• **Your goal**: When you transcribe the data below, reproduce every line exactly and leave each picture out.

• **Input for this task**:

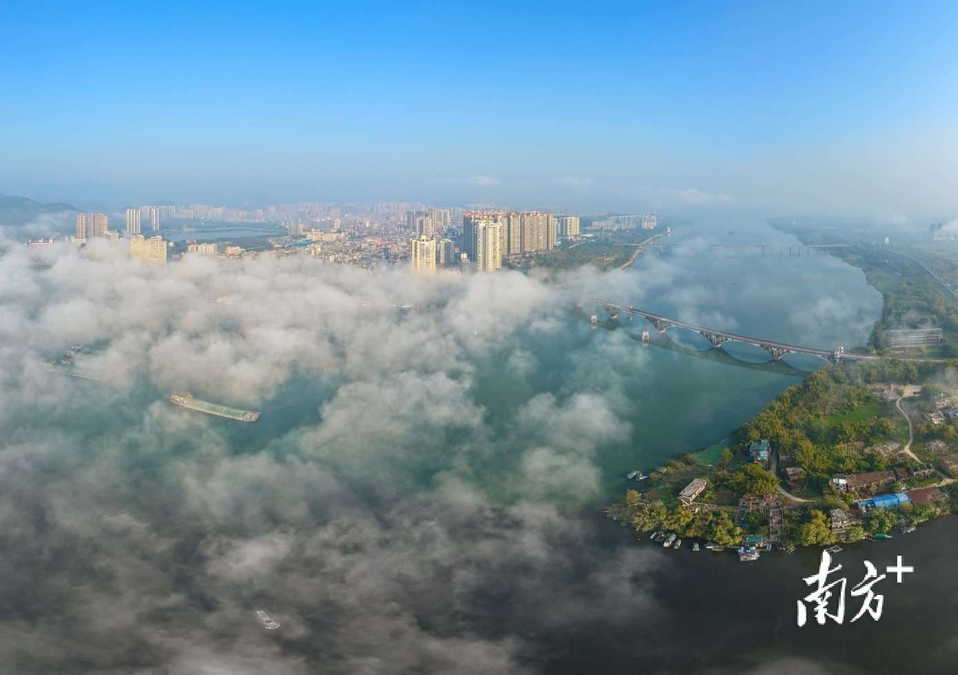 12月29日,英德市区,晨雾中的北江。南方+拍客 徐慧敏 摄
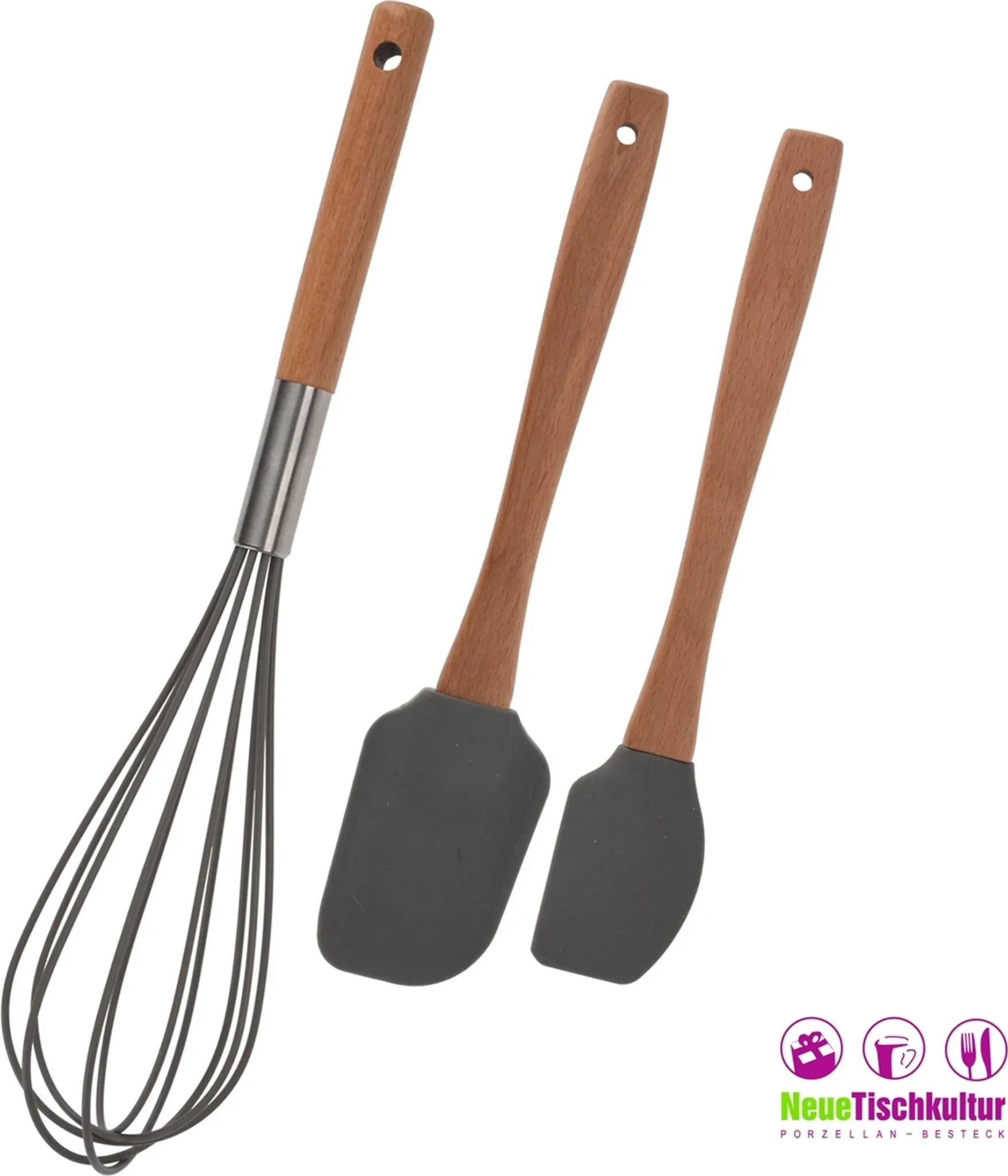 Modernes 3-teiliges Küchenhelfer-Set aus Holz und Silikon – bestehend aus Schneebesen und zwei Teigwendern in Grautönen
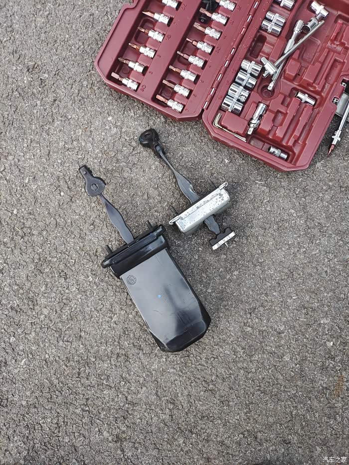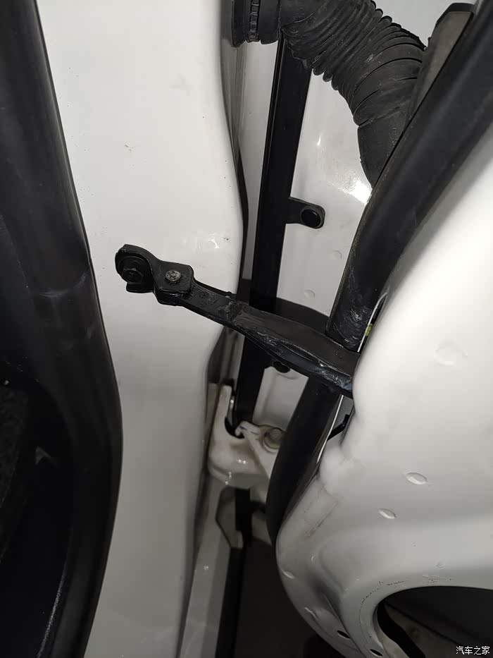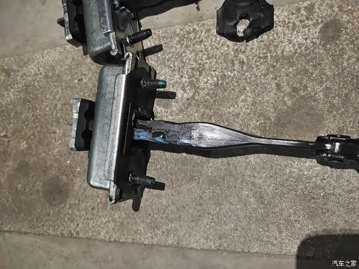 这个锈了先不管它,开始我们的正事,拆限位器,车门上两个螺丝,车身上一个(这个螺丝很紧需要使劲),都是用10mm的套筒可以卸下。螺丝卸完就可以把限位器从喇叭孔里拿出来,新款是带有防水罩的,原车的是没有的,这个就是造成异响的原因,进水导致内部没有润滑了。
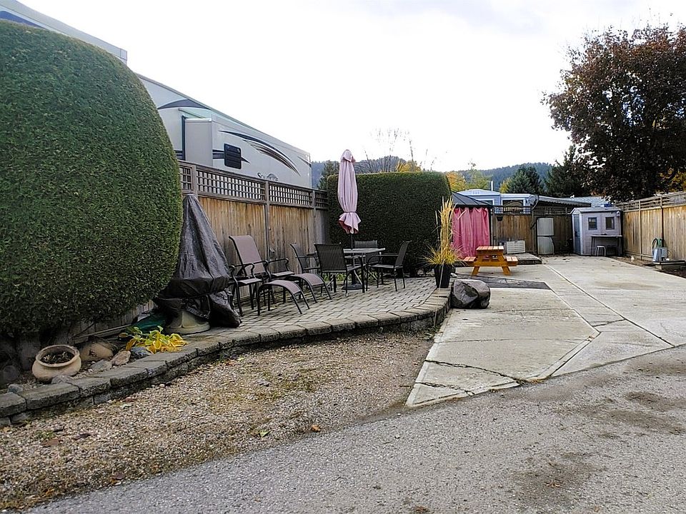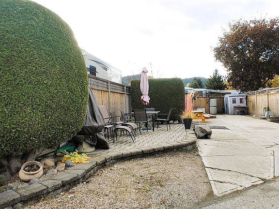 Welcome to Holiday Park Resort! Check out this Spacious Lot and bring your RV to start living the Okanagan Dream. The beautiful lot has a raised stone patio, gazebo, shed and wood fence on 3 sides. Situated close to the main recreation facility with an outdoor pool and hot tub. This gated community is loaded with the following amenities; pools, hot tubs, laundry facilities, pickleball courts, golf course, gym, craft room, woodworking shop, library, sandy beach, activities for kids and more. Check out the new THYME at Ellison Lake Restaurant and the new Up Front Market & Rentals. A fully serviced convenience store that also rents golf carts, bicycles, pedal go-carts, kayaks, canoes, paddleboards & pedal boats. 3 Pets allowed. Standard Lot, 1991 sqft. Lease term to March 2046. Yearly Maintenance Fee is $4,677, no pad rent. Okay to drive by but please do not disturb owners. The information contained here in should not be relied upon without independent verification.
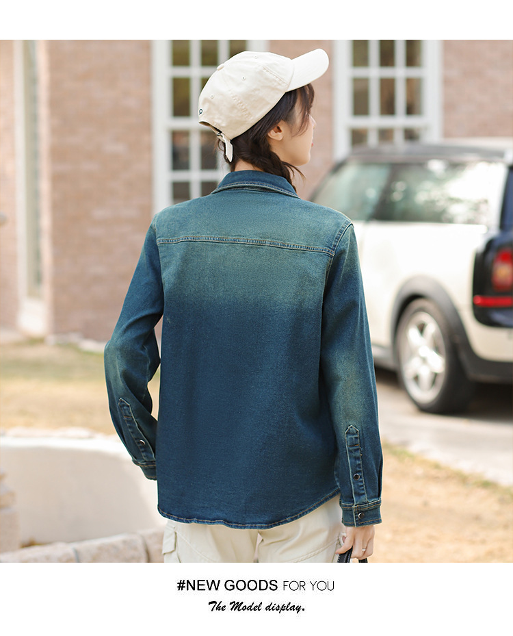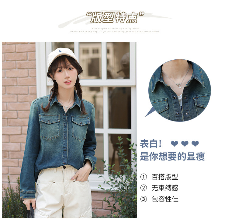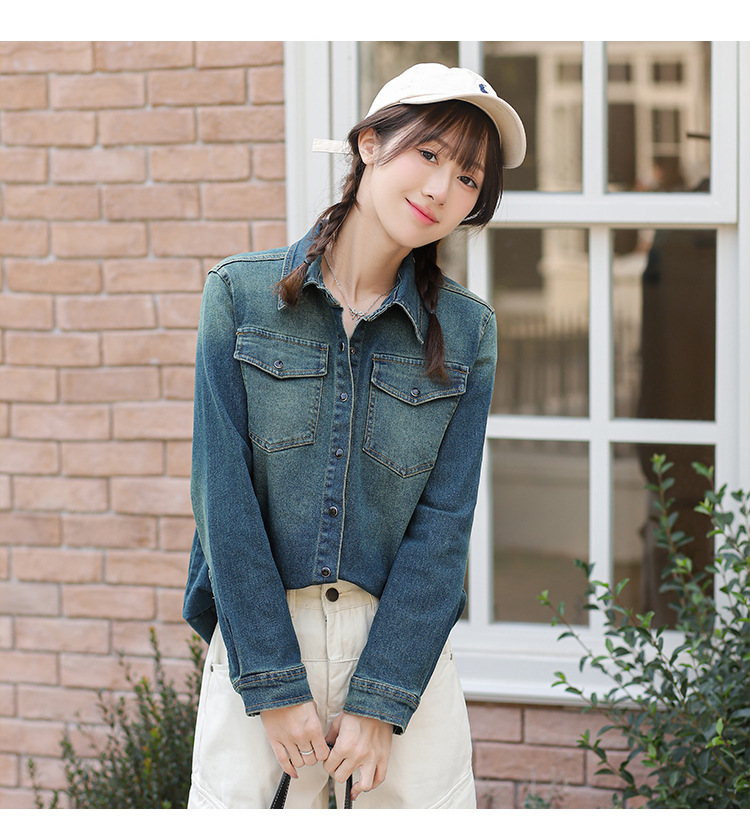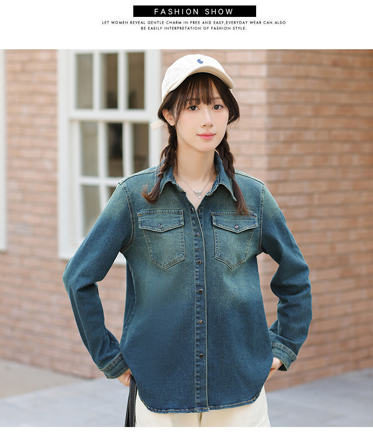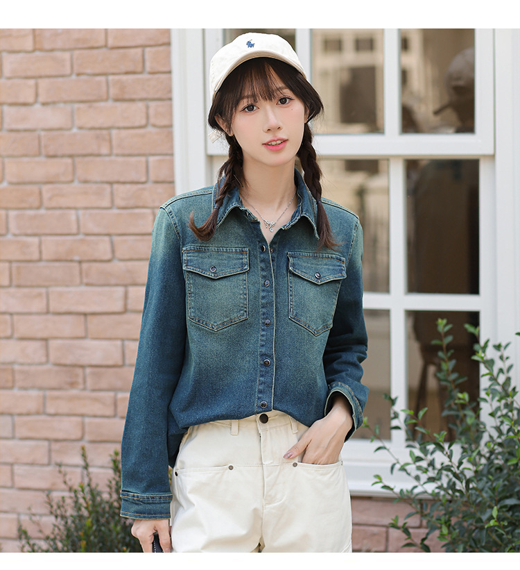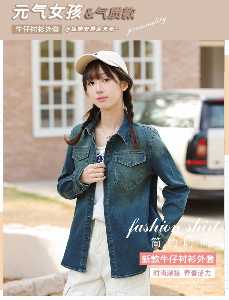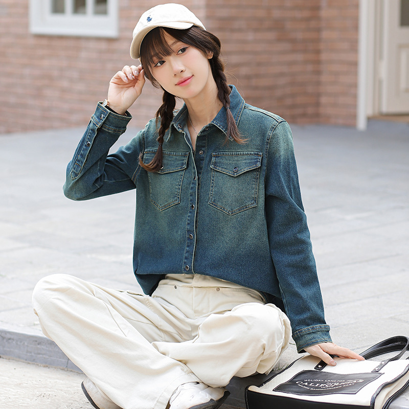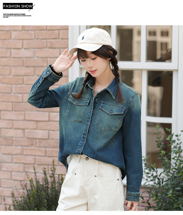 봄 2025 새로운 한국 스타일 복고풍 세련된 디자인 센스 포켓 엘 긴 소매 데님 셔츠스토어 가기
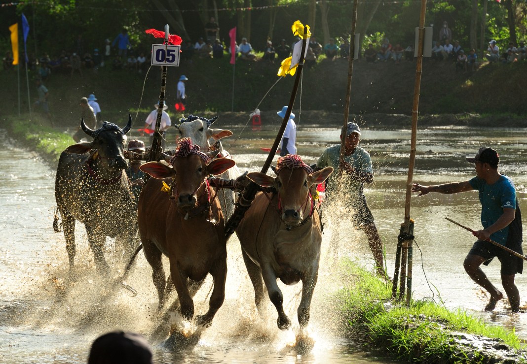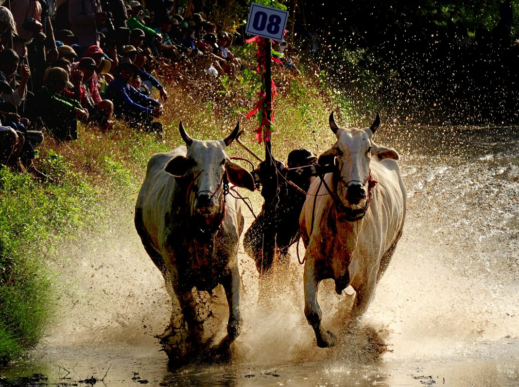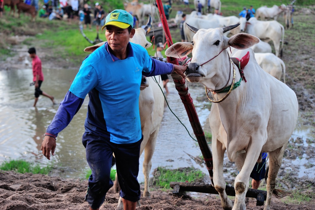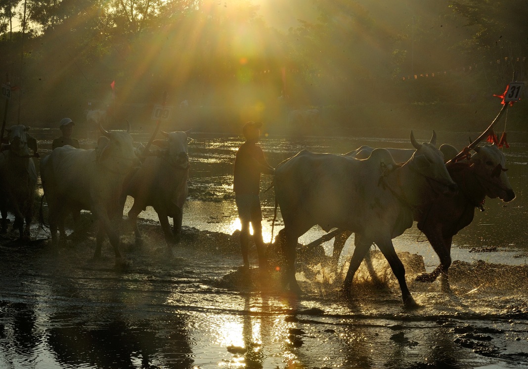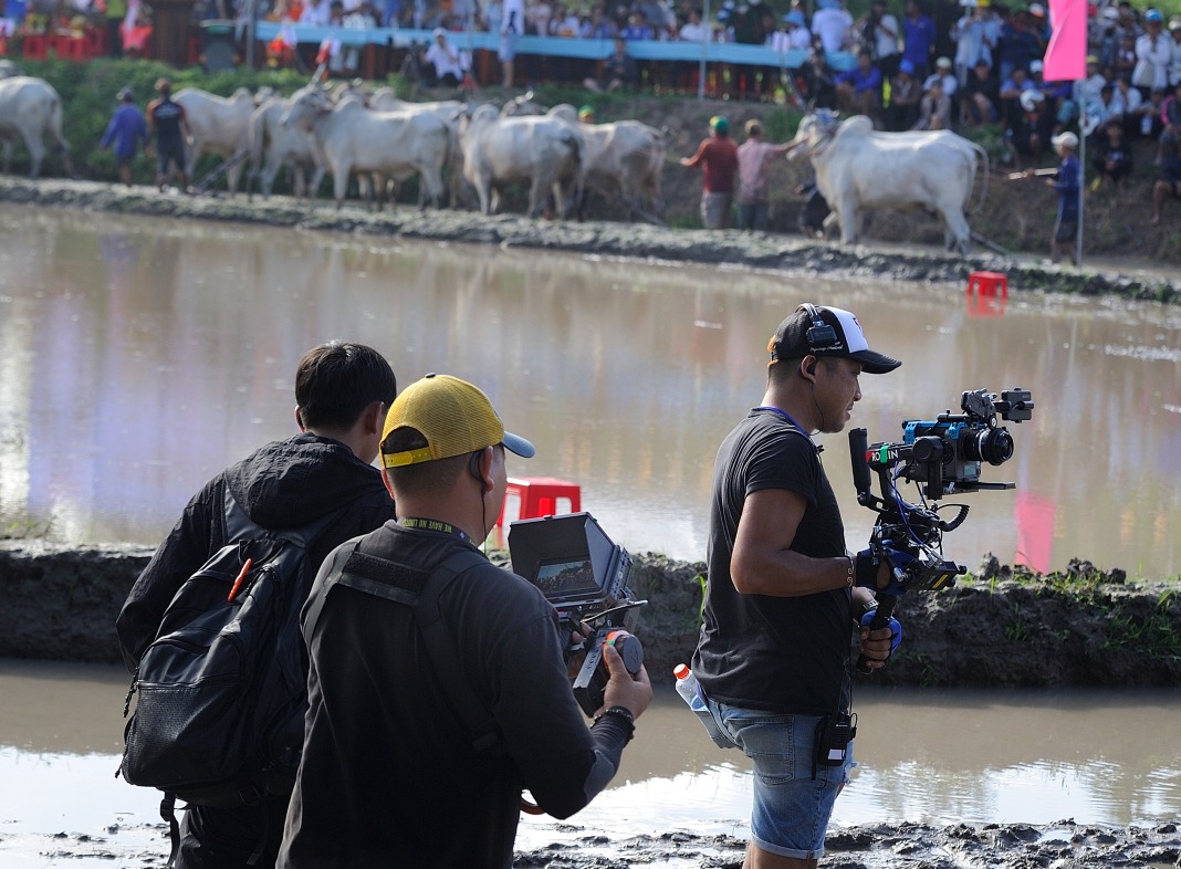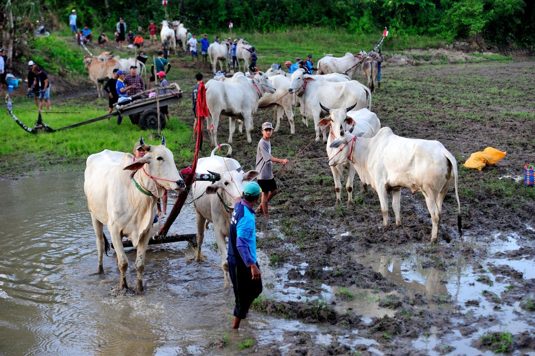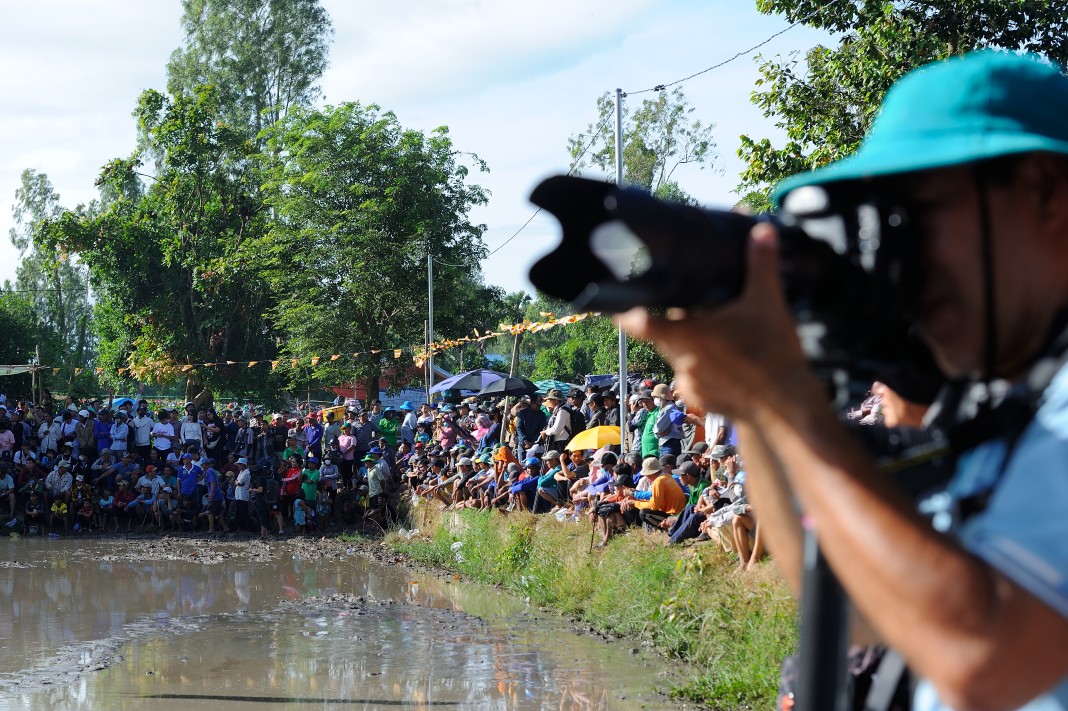The atmosphere is electric as the race unfolds right in the flooded rice field near the pagoda. A record 32 pairs of oxen compete, drawing enthusiastic crowds and hundreds of photographers eager to capture the exciting action.

• **Response**:
 12月29日,英德市区,晨雾中的北江。南方+拍客 徐慧敏 摄
 Modernes 3-teiliges Küchenhelfer-Set aus Holz und Silikon – bestehend aus Schneebesen und zwei Teigwendern in Grautönen
 这个锈了先不管它,开始我们的正事,拆限位器,车门上两个螺丝,车身上一个(这个螺丝很紧需要使劲),都是用10mm的套筒可以卸下。螺丝卸完就可以把限位器从喇叭孔里拿出来,新款是带有防水罩的,原车的是没有的,这个就是造成异响的原因,进水导致内部没有润滑了。
 Welcome to Holiday Park Resort! Check out this Spacious Lot and bring your RV to start living the Okanagan Dream. The beautiful lot has a raised stone patio, gazebo, shed and wood fence on 3 sides. Situated close to the main recreation facility with an outdoor pool and hot tub. This gated community is loaded with the following amenities; pools, hot tubs, laundry facilities, pickleball courts, golf course, gym, craft room, woodworking shop, library, sandy beach, activities for kids and more. Check out the new THYME at Ellison Lake Restaurant and the new Up Front Market & Rentals. A fully serviced convenience store that also rents golf carts, bicycles, pedal go-carts, kayaks, canoes, paddleboards & pedal boats. 3 Pets allowed. Standard Lot, 1991 sqft. Lease term to March 2046. Yearly Maintenance Fee is $4,677, no pad rent. Okay to drive by but please do not disturb owners. The information contained here in should not be relied upon without independent verification.
 봄 2025 새로운 한국 스타일 복고풍 세련된 디자인 센스 포켓 엘 긴 소매 데님 셔츠스토어 가기
The atmosphere is electric as the race unfolds right in the flooded rice field near the pagoda. A record 32 pairs of oxen compete, drawing enthusiastic crowds and hundreds of photographers eager to capture the exciting action.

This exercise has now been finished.